• **INSTRUCTIONS FOR THE TASK**
Set down the full listing that follows, word for word.

• **EXERCISE DATA**
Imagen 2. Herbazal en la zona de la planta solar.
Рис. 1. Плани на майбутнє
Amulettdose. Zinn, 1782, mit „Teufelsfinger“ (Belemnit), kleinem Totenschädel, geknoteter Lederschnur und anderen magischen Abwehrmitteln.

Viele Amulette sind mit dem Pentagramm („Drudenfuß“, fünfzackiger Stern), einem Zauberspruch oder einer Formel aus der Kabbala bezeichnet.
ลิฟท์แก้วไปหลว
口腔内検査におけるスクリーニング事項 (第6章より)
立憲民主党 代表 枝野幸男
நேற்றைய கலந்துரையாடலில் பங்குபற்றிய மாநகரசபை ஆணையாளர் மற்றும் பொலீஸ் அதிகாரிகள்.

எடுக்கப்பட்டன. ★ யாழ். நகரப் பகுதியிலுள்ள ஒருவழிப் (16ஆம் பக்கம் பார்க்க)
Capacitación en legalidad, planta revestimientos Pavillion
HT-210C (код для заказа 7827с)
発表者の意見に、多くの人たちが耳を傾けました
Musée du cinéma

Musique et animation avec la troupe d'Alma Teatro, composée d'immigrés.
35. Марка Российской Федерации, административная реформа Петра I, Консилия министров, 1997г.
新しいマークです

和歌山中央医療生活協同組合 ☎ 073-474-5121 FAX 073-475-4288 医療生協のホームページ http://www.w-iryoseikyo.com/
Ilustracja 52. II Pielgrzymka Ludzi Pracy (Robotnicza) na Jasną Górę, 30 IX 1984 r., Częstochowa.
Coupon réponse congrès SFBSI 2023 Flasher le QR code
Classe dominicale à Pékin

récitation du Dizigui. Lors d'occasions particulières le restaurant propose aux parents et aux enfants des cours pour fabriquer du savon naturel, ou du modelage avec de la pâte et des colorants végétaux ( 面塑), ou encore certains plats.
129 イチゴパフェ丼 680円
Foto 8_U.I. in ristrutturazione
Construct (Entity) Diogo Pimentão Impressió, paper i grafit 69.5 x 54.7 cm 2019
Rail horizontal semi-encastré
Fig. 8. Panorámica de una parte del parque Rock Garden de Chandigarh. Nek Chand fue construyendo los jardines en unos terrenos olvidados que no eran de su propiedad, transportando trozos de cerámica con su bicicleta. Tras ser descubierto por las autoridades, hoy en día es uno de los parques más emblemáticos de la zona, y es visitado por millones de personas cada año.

• **PROBLEM SOLUTION**
Imagen 2. Herbazal en la zona de la planta solar.
Рис. 1. Плани на майбутнє
Amulettdose. Zinn, 1782, mit „Teufelsfinger“ (Belemnit), kleinem Totenschädel, geknoteter Lederschnur und anderen magischen Abwehrmitteln.

Viele Amulette sind mit dem Pentagramm („Drudenfuß“, fünfzackiger Stern), einem Zauberspruch oder einer Formel aus der Kabbala bezeichnet.
ลิฟท์แก้วไปหลว
口腔内検査におけるスクリーニング事項 (第6章より)
立憲民主党 代表 枝野幸男
நேற்றைய கலந்துரையாடலில் பங்குபற்றிய மாநகரசபை ஆணையாளர் மற்றும் பொலீஸ் அதிகாரிகள்.

எடுக்கப்பட்டன. ★ யாழ். நகரப் பகுதியிலுள்ள ஒருவழிப் (16ஆம் பக்கம் பார்க்க)
Capacitación en legalidad, planta revestimientos Pavillion
HT-210C (код для заказа 7827с)
発表者の意見に、多くの人たちが耳を傾けました
Musée du cinéma

Musique et animation avec la troupe d'Alma Teatro, composée d'immigrés.
35. Марка Российской Федерации, административная реформа Петра I, Консилия министров, 1997г.
新しいマークです

和歌山中央医療生活協同組合 ☎ 073-474-5121 FAX 073-475-4288 医療生協のホームページ http://www.w-iryoseikyo.com/
Ilustracja 52. II Pielgrzymka Ludzi Pracy (Robotnicza) na Jasną Górę, 30 IX 1984 r., Częstochowa.
Coupon réponse congrès SFBSI 2023 Flasher le QR code
Classe dominicale à Pékin

récitation du Dizigui. Lors d'occasions particulières le restaurant propose aux parents et aux enfants des cours pour fabriquer du savon naturel, ou du modelage avec de la pâte et des colorants végétaux ( 面塑), ou encore certains plats.
129 イチゴパフェ丼 680円
Foto 8_U.I. in ristrutturazione
Construct (Entity) Diogo Pimentão Impressió, paper i grafit 69.5 x 54.7 cm 2019
Rail horizontal semi-encastré
Fig. 8. Panorámica de una parte del parque Rock Garden de Chandigarh. Nek Chand fue construyendo los jardines en unos terrenos olvidados que no eran de su propiedad, transportando trozos de cerámica con su bicicleta. Tras ser descubierto por las autoridades, hoy en día es uno de los parques más emblemáticos de la zona, y es visitado por millones de personas cada año.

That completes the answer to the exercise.